WORK REQUIRED:
Quote the entries in full, character for character, without their images.
_ _ _ _
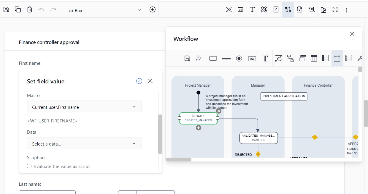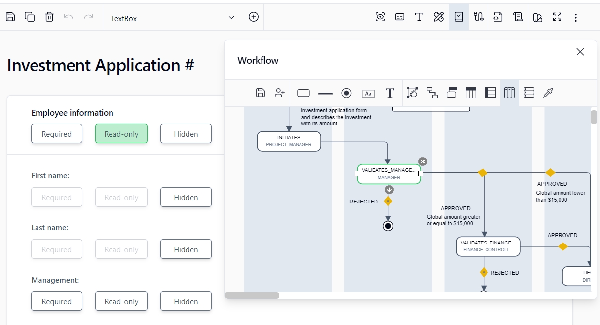 To define the behavior of the form for the other actions of the workflow, click another action via the interactive workflow view and repeat the above operation according to the desired behavior.
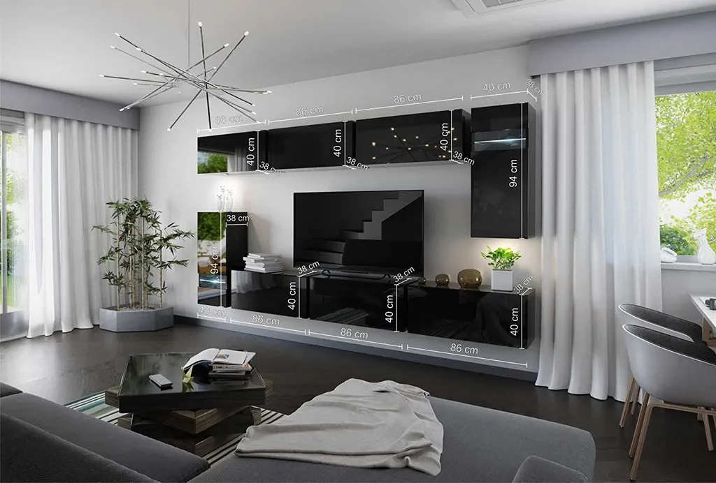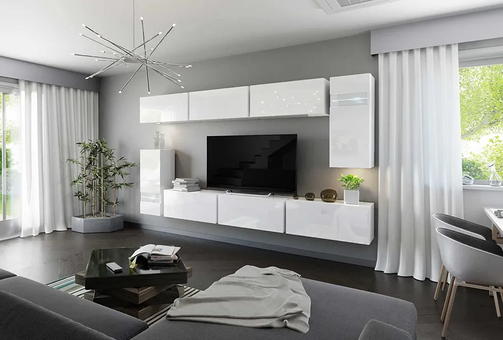 Grekpol- Wohnwand,Anbauwand, TV-Lowboard, Hängeschränke, Wandboard, Fernsehschrank, Wohnzimmerschran -WIKA 3 (Weiß Glanz, Mit LED Beleuchtung)
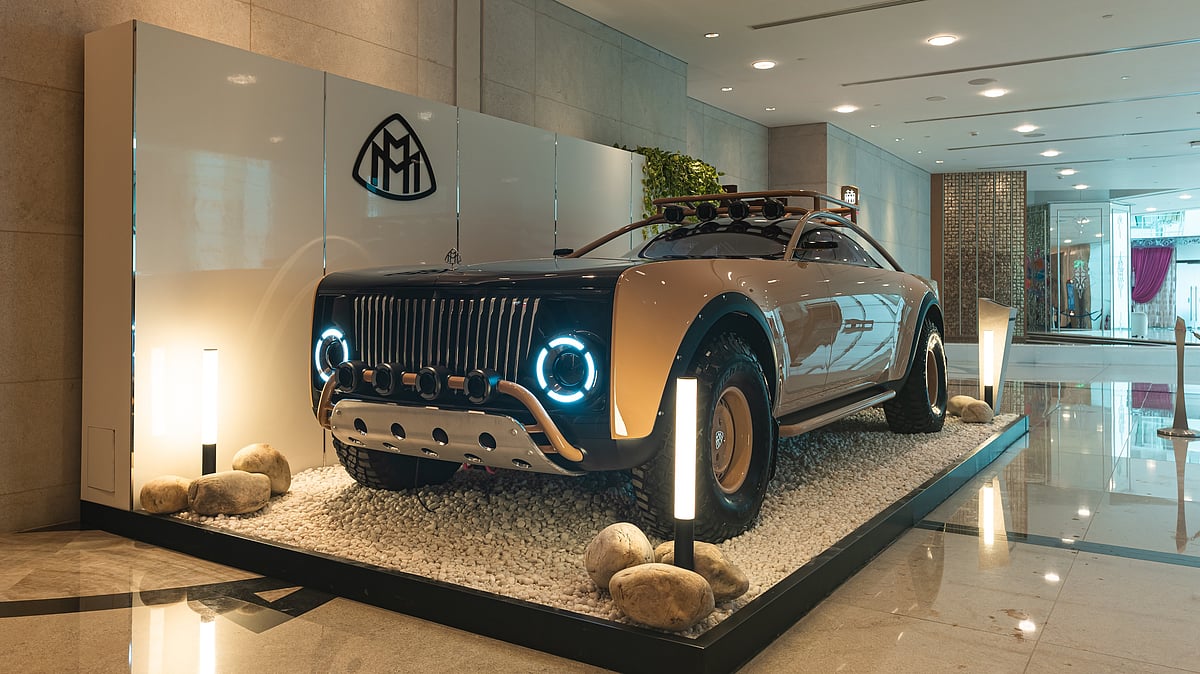 The Project Maybach concept car, showcased in a distinctive sandy monotone exterior and equipped with a roll bar, blends high-stakes adventure with luxury. Inside, the cabin is designed as a modular space resembling a high-end hotel room, featuring seats that convert into a first-class flatbed. The jacquard houndstooth-finish headrests can be used as blankets, and smartly designed compartments include reading lights. The seats are removable, suitcase style, and can be used in a premium tent.
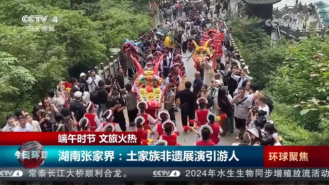 在湖南张家界,一场土家族的“梭地龙”非遗展演巡游让现场游客大饱眼福。巡游中,百名民间艺人一起舞动由“土家织锦”“土家刺绣”“土家蜡染”做成的三条“梭地龙”,沿着天梯拾级而上,为游客送上最真挚的节日祝福,不少游人也加入表演队伍中,舞龙头、摸龙尾、沾龙气,体验非遗的无限魅力。
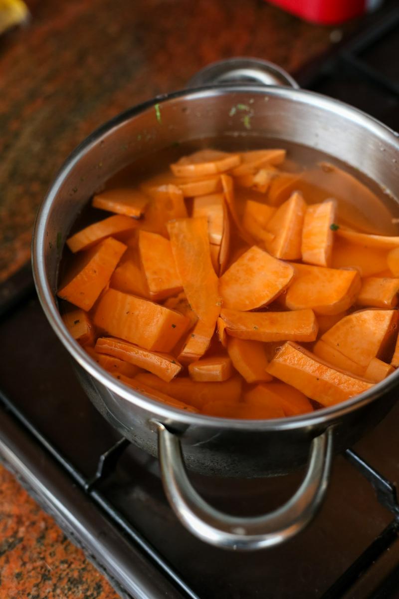 Pelar y cortar en trozos pequeños el camote (boniato). Colocar en una olla y añadir 1 litro de caldo (de pollo o verduras). Cocinar durante aprox 15 minutos o hasta que el camote esté blando.
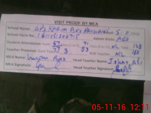 | EMIS Code: 32430097 | Name of School: GPS KARIM BUX RAHWARI | |||
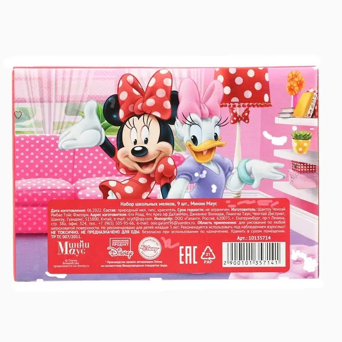Мелки цветные школьные 9 шт. «Минни Маус»
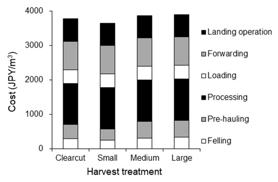 The direct operational cost (JPY/m3) for each operation was estimated using time consumption (h/m3) and hourly operational expenses for labor and machinery [26,27]. Labor expenses were set to JPY 2550/h (USD 19.77/h) [24]. Machinery expenses were set to JPY 448/h (USD 3.47/h) for the chainsaw, JPY 4497/h (USD 34.86/h) for the grapple loader, JPY 10,308/h (USD 79.91/h) for the harvester, and JPY 5979/h (USD 46.35/h) for the forwarder [19]. The exchange rate was USD 1 = JPY 129 on 2 February 2023. Machinery expenses consisted of costs for depreciation, management, maintenance, fuel, and oil. These were calculated from economic data in Table 1. Because the aim of estimating operational cost is to examine the net impact of dispersed retention on total cost to roadside, we standardized time consumption using the least squares means for felling and pre-hauling, and using means of all study sites for the other operations.
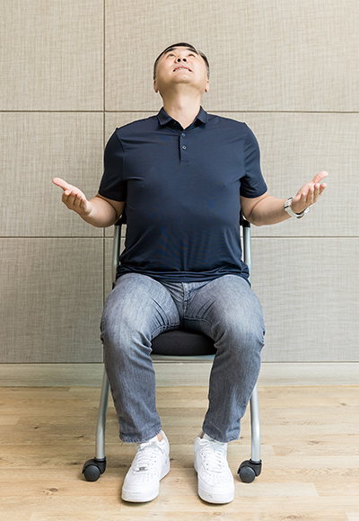 즉시 따라 할 수 있는 쉬운 동작으로 구성돼 있다는 것이다. 언뜻 보면 ‘이게 운동이 될까?’ 싶은 생각이 들 정도. 하지만 그가 시연한 운동을 직접 해 보면 금세 생각이 달라진다. 운동 부위에 존재하던 불편함과
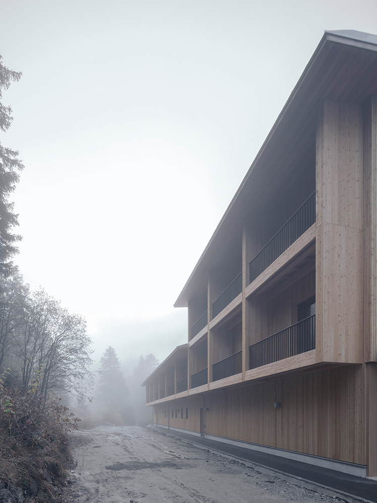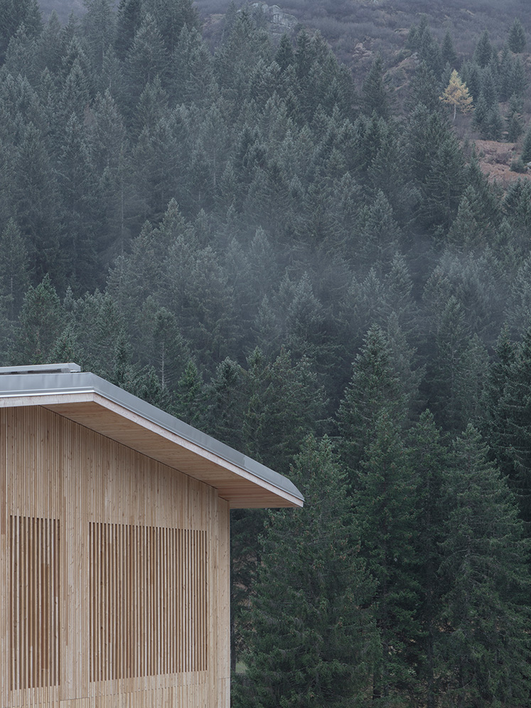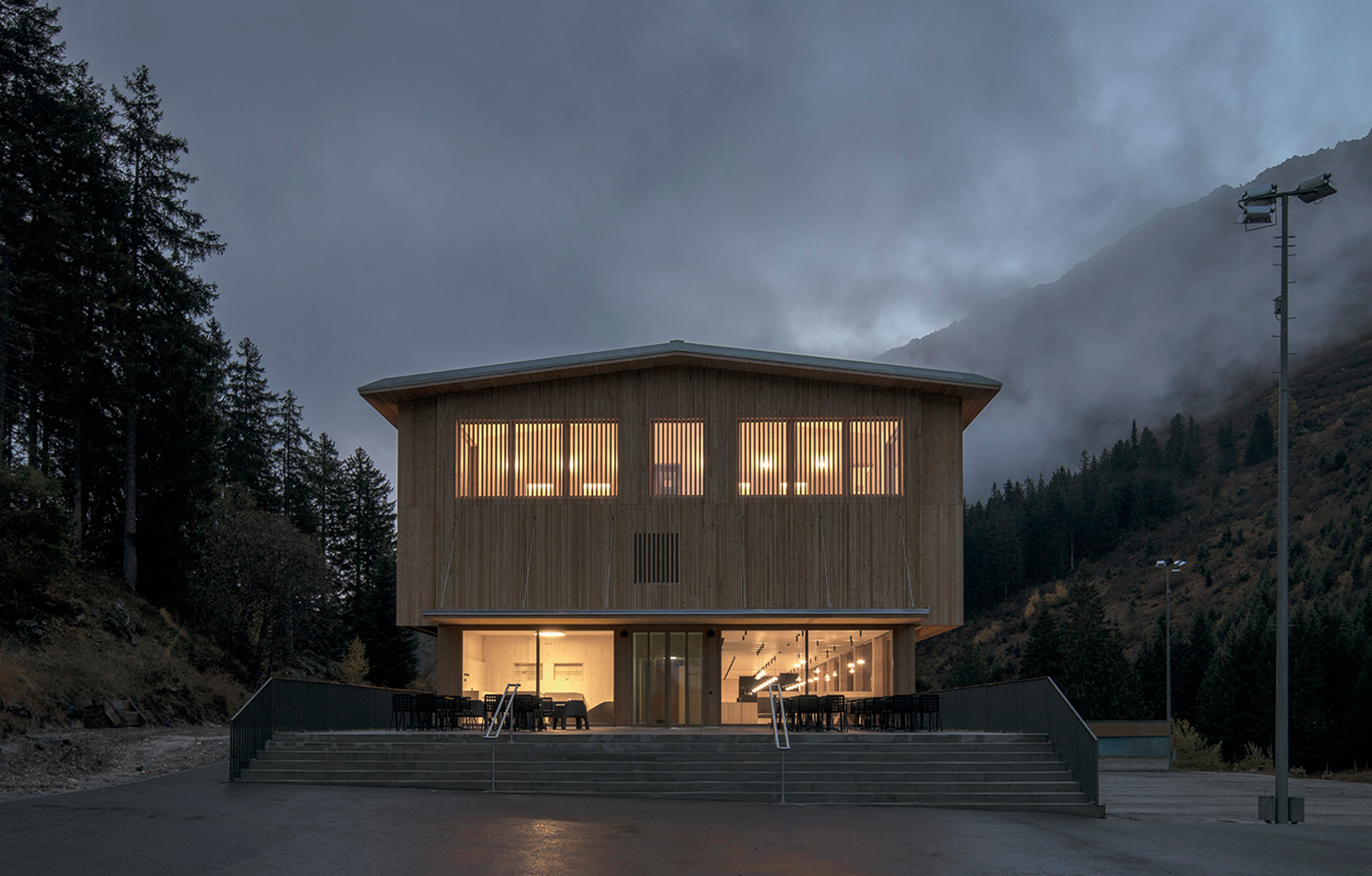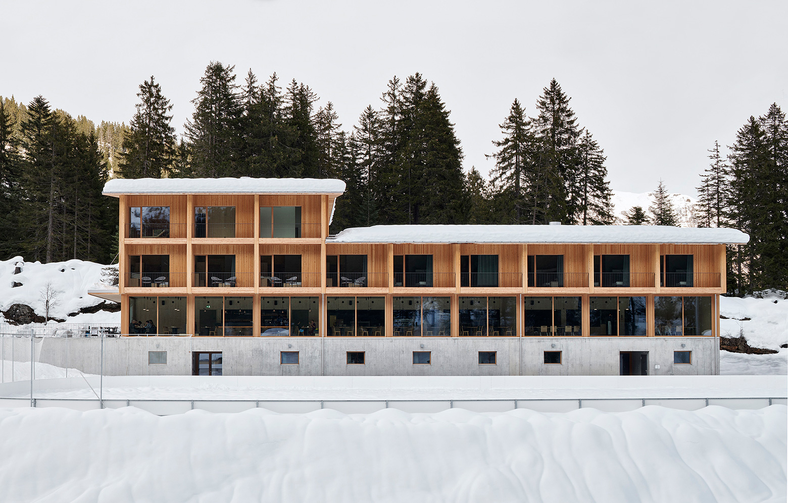 In the Swiss Alps, 1,400 metres above sea level, stands a cross-country skiing centre that attracts families and elite skiers with its well-prepared trails in a stunning environment. Since the centre was created in the 1970s, it has been sympathetically expanded. The latest addition is a building with social facilities and accommodation, carefully inserted between existing buildings so as not to pull focus from the surrounding landscape, which remains the star of the show.
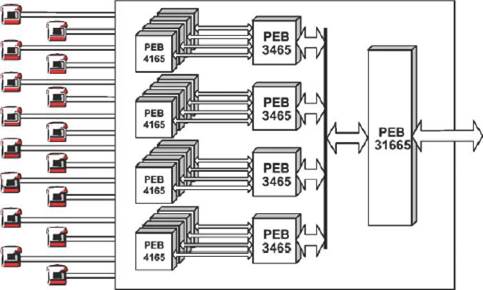 - микросхема абонентского комплекта MuSLIC PEB4166; - счетверенный кофидек PEB3465 (QAP); - схема управления 16-ю комплектами MuSLIC PEB31666 (MuPP); - цепи защиты от перенапряжений (терморезисторы, защитные диоды); - схема самотестирования; Часть 5. Цифровая коммутационная система MC240 - мультиплексор для измерения напряжений на линии. Состав схемы управления
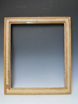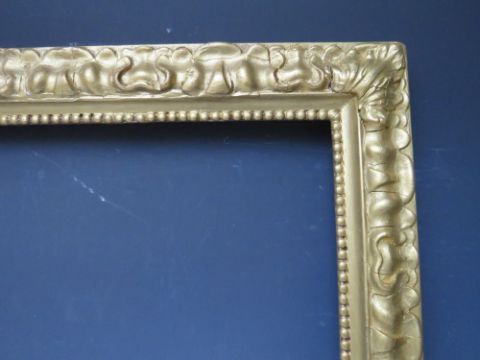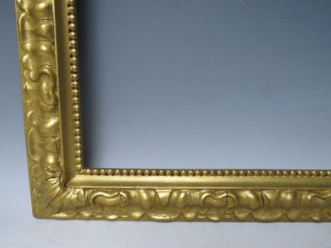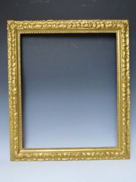 A LATE 19TH / EARLY 20TH CENTURY DECORATIVE GOLD FRAME, with bead design to inner edge and plant design to outer edge, frame W 6 cm, rebate 55.5 x 46.5 cm
_ _ _ _
WRITTEN SOLUTION:
 To define the behavior of the form for the other actions of the workflow, click another action via the interactive workflow view and repeat the above operation according to the desired behavior.
 Grekpol- Wohnwand,Anbauwand, TV-Lowboard, Hängeschränke, Wandboard, Fernsehschrank, Wohnzimmerschran -WIKA 3 (Weiß Glanz, Mit LED Beleuchtung)
 The Project Maybach concept car, showcased in a distinctive sandy monotone exterior and equipped with a roll bar, blends high-stakes adventure with luxury. Inside, the cabin is designed as a modular space resembling a high-end hotel room, featuring seats that convert into a first-class flatbed. The jacquard houndstooth-finish headrests can be used as blankets, and smartly designed compartments include reading lights. The seats are removable, suitcase style, and can be used in a premium tent.
 在湖南张家界,一场土家族的“梭地龙”非遗展演巡游让现场游客大饱眼福。巡游中,百名民间艺人一起舞动由“土家织锦”“土家刺绣”“土家蜡染”做成的三条“梭地龙”,沿着天梯拾级而上,为游客送上最真挚的节日祝福,不少游人也加入表演队伍中,舞龙头、摸龙尾、沾龙气,体验非遗的无限魅力。
 Pelar y cortar en trozos pequeños el camote (boniato). Colocar en una olla y añadir 1 litro de caldo (de pollo o verduras). Cocinar durante aprox 15 minutos o hasta que el camote esté blando.
 | EMIS Code: 32430097 | Name of School: GPS KARIM BUX RAHWARI | |||
Мелки цветные школьные 9 шт. «Минни Маус»
 The direct operational cost (JPY/m3) for each operation was estimated using time consumption (h/m3) and hourly operational expenses for labor and machinery [26,27]. Labor expenses were set to JPY 2550/h (USD 19.77/h) [24]. Machinery expenses were set to JPY 448/h (USD 3.47/h) for the chainsaw, JPY 4497/h (USD 34.86/h) for the grapple loader, JPY 10,308/h (USD 79.91/h) for the harvester, and JPY 5979/h (USD 46.35/h) for the forwarder [19]. The exchange rate was USD 1 = JPY 129 on 2 February 2023. Machinery expenses consisted of costs for depreciation, management, maintenance, fuel, and oil. These were calculated from economic data in Table 1. Because the aim of estimating operational cost is to examine the net impact of dispersed retention on total cost to roadside, we standardized time consumption using the least squares means for felling and pre-hauling, and using means of all study sites for the other operations.
 즉시 따라 할 수 있는 쉬운 동작으로 구성돼 있다는 것이다. 언뜻 보면 ‘이게 운동이 될까?’ 싶은 생각이 들 정도. 하지만 그가 시연한 운동을 직접 해 보면 금세 생각이 달라진다. 운동 부위에 존재하던 불편함과
 In the Swiss Alps, 1,400 metres above sea level, stands a cross-country skiing centre that attracts families and elite skiers with its well-prepared trails in a stunning environment. Since the centre was created in the 1970s, it has been sympathetically expanded. The latest addition is a building with social facilities and accommodation, carefully inserted between existing buildings so as not to pull focus from the surrounding landscape, which remains the star of the show.
 - микросхема абонентского комплекта MuSLIC PEB4166; - счетверенный кофидек PEB3465 (QAP); - схема управления 16-ю комплектами MuSLIC PEB31666 (MuPP); - цепи защиты от перенапряжений (терморезисторы, защитные диоды); - схема самотестирования; Часть 5. Цифровая коммутационная система MC240 - мультиплексор для измерения напряжений на линии. Состав схемы управления
 A LATE 19TH / EARLY 20TH CENTURY DECORATIVE GOLD FRAME, with bead design to inner edge and plant design to outer edge, frame W 6 cm, rebate 55.5 x 46.5 cm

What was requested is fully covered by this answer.